• To do: Pictures do not belong in your copy. Repeat all the other data exactly.

• Data extract:
- Opening Delimiter -

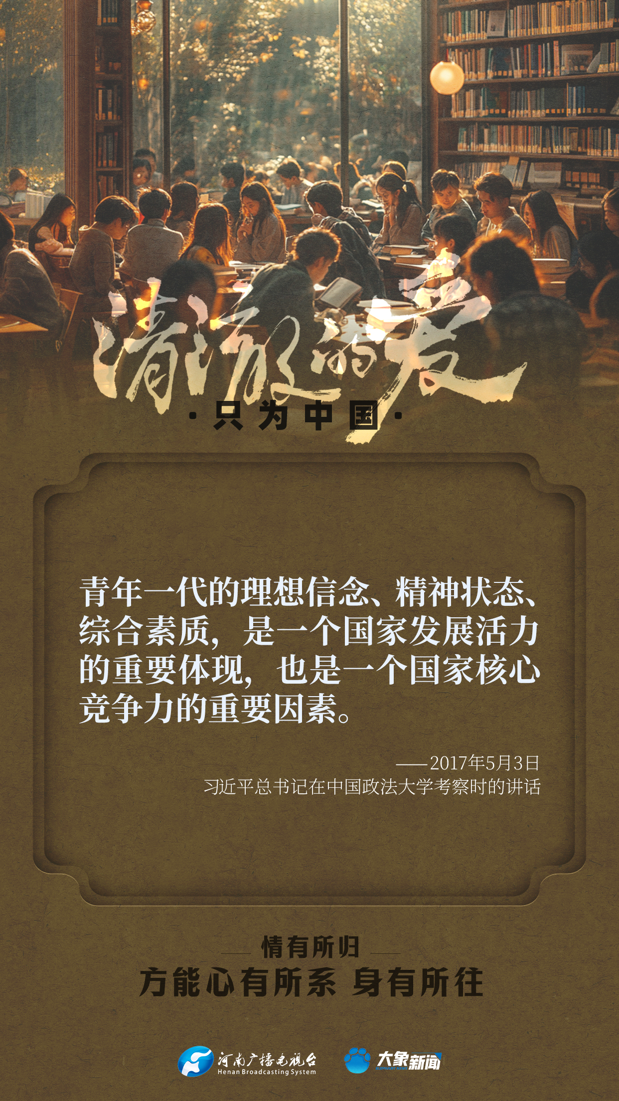 習(xí)近平總書(shū)記對(duì)廣大青年寄予厚望。黨的十八大以來(lái),他多次來(lái)到青年中間,同大家談人生、話(huà)理想,鼓勵(lì)青年人心系祖國(guó),志存高遠(yuǎn),腳踏實(shí)地,在奮斗中創(chuàng)造精彩人生,為祖國(guó)和人民貢獻(xiàn)青春和力量。
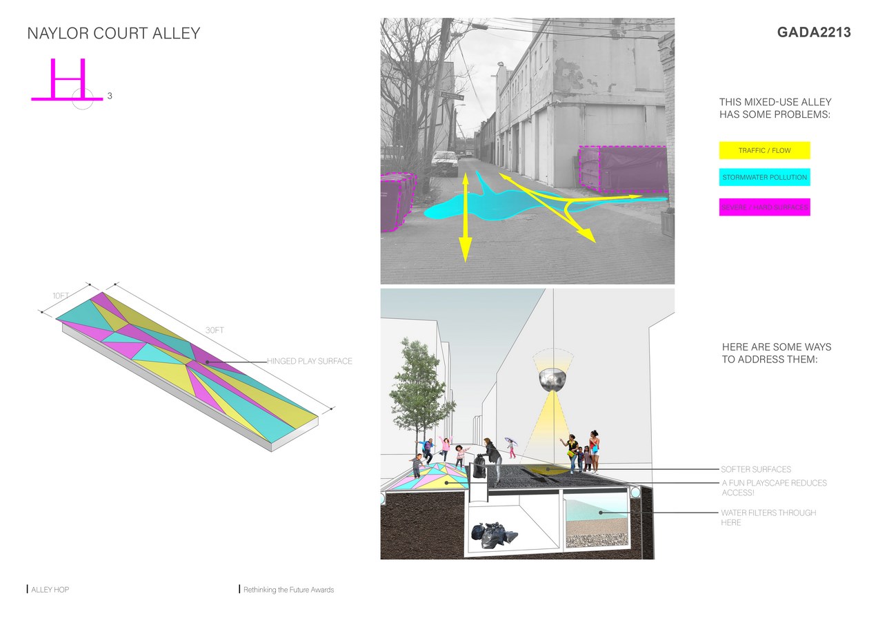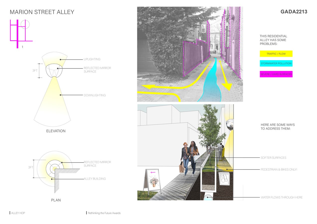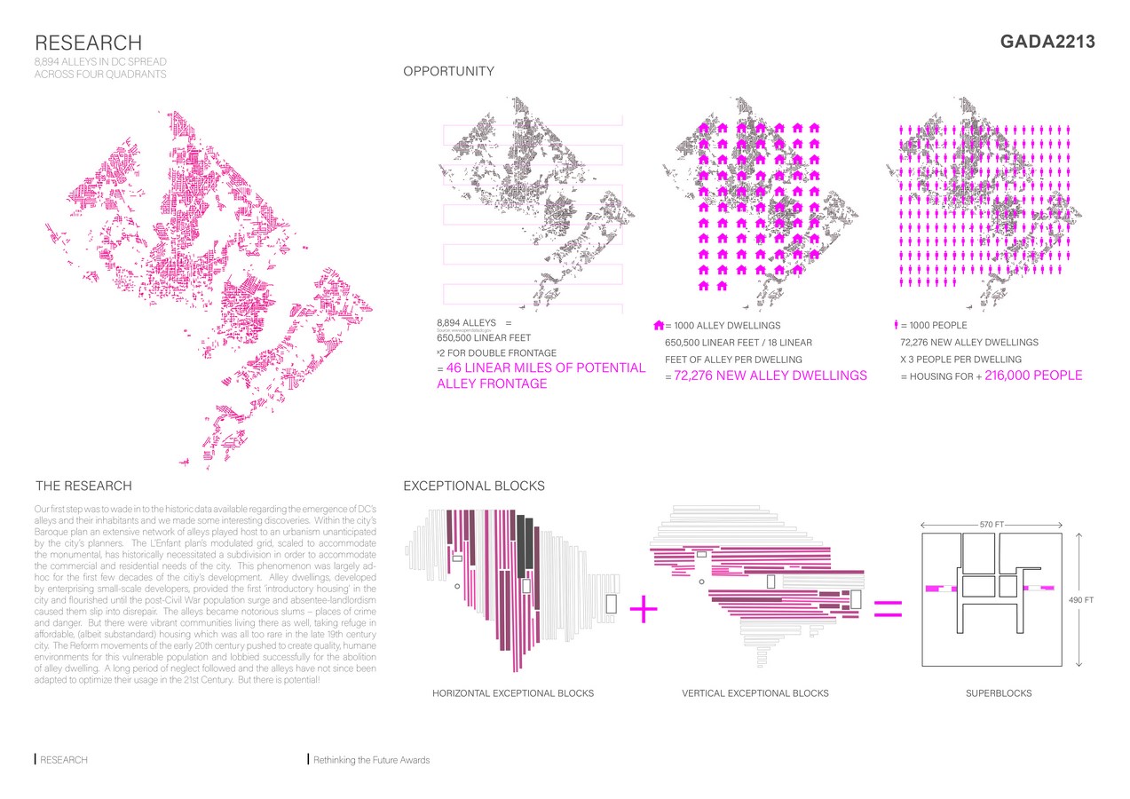 The Washington Alley Project (WAP) examines DC’s informal alley network as a viable site for new modes of urban living, presenting the city with an opportunity to adapt to future social and technological change without sacrificing the city’s unique architectural heritage.
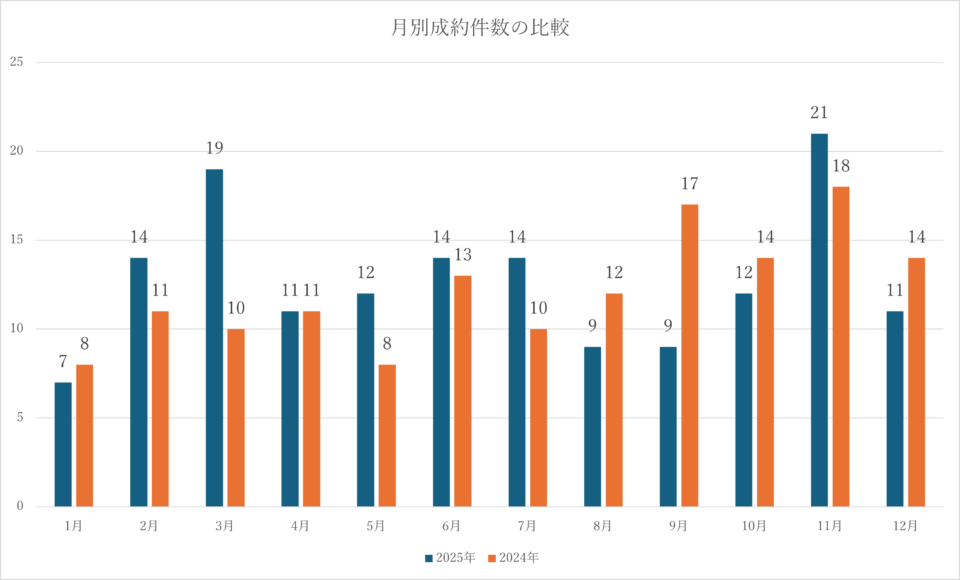 2024年、2025年ともに11月に成約件数のピークが来ました。

- Closing Delimiter -

• Your solution:
 習(xí)近平總書(shū)記對(duì)廣大青年寄予厚望。黨的十八大以來(lái),他多次來(lái)到青年中間,同大家談人生、話(huà)理想,鼓勵(lì)青年人心系祖國(guó),志存高遠(yuǎn),腳踏實(shí)地,在奮斗中創(chuàng)造精彩人生,為祖國(guó)和人民貢獻(xiàn)青春和力量。
 The Washington Alley Project (WAP) examines DC’s informal alley network as a viable site for new modes of urban living, presenting the city with an opportunity to adapt to future social and technological change without sacrificing the city’s unique architectural heritage.
 2024年、2025年ともに11月に成約件数のピークが来ました。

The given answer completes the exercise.